• Activity: I would like the records restated word for word, without the pictures.
------ Records for this exercise
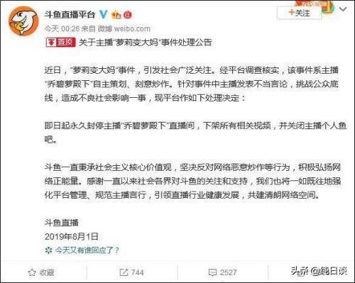 斗鱼平台随即发布消息,乔碧萝殿下的这场闹剧纯属炒作,于是永久封其账号,以正风气。
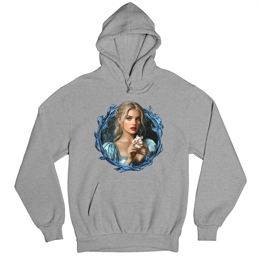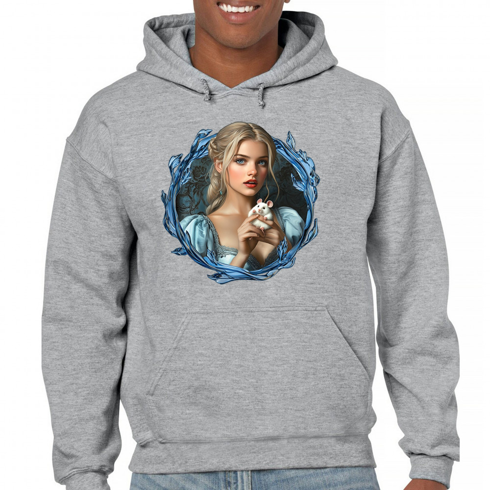 Fairytale design of blonde girl with white mouse in blue leaf frame. Inspired by Cinderella themes of kindness, fantasy, and transformation.
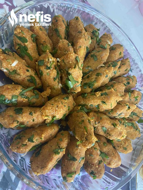 - Limonlarımızı üzerine sıkıyoruz maydonoz ve yeşil soğanlarımızı ekliyoruz karıştırıyoruz içinden biraz alıyoruz parmaklarımız ile avucumuzun içinde sıkıyoruz ve servis tabağına alıyoruz istediğiniz büyüklükte yapabilirsiniz 🙂.
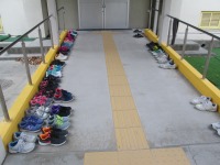 練習前の体育館入口の写真。整然と並べられた靴が練習風景を想起させます。強くなりたい。次の試合で一勝でも多く勝ちたい。良いチームにしたい。生徒の声が聞こえてきそうです。
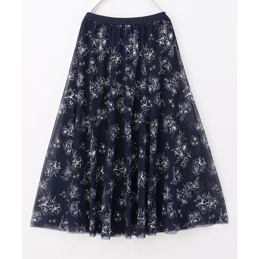 厚手のしっかりした裏地に、柄のチュール地のスカートです。
------------
• Exercise output:
 斗鱼平台随即发布消息,乔碧萝殿下的这场闹剧纯属炒作,于是永久封其账号,以正风气。
 Fairytale design of blonde girl with white mouse in blue leaf frame. Inspired by Cinderella themes of kindness, fantasy, and transformation.
 - Limonlarımızı üzerine sıkıyoruz maydonoz ve yeşil soğanlarımızı ekliyoruz karıştırıyoruz içinden biraz alıyoruz parmaklarımız ile avucumuzun içinde sıkıyoruz ve servis tabağına alıyoruz istediğiniz büyüklükte yapabilirsiniz 🙂.
 練習前の体育館入口の写真。整然と並べられた靴が練習風景を想起させます。強くなりたい。次の試合で一勝でも多く勝ちたい。良いチームにしたい。生徒の声が聞こえてきそうです。
 厚手のしっかりした裏地に、柄のチュール地のスカートです。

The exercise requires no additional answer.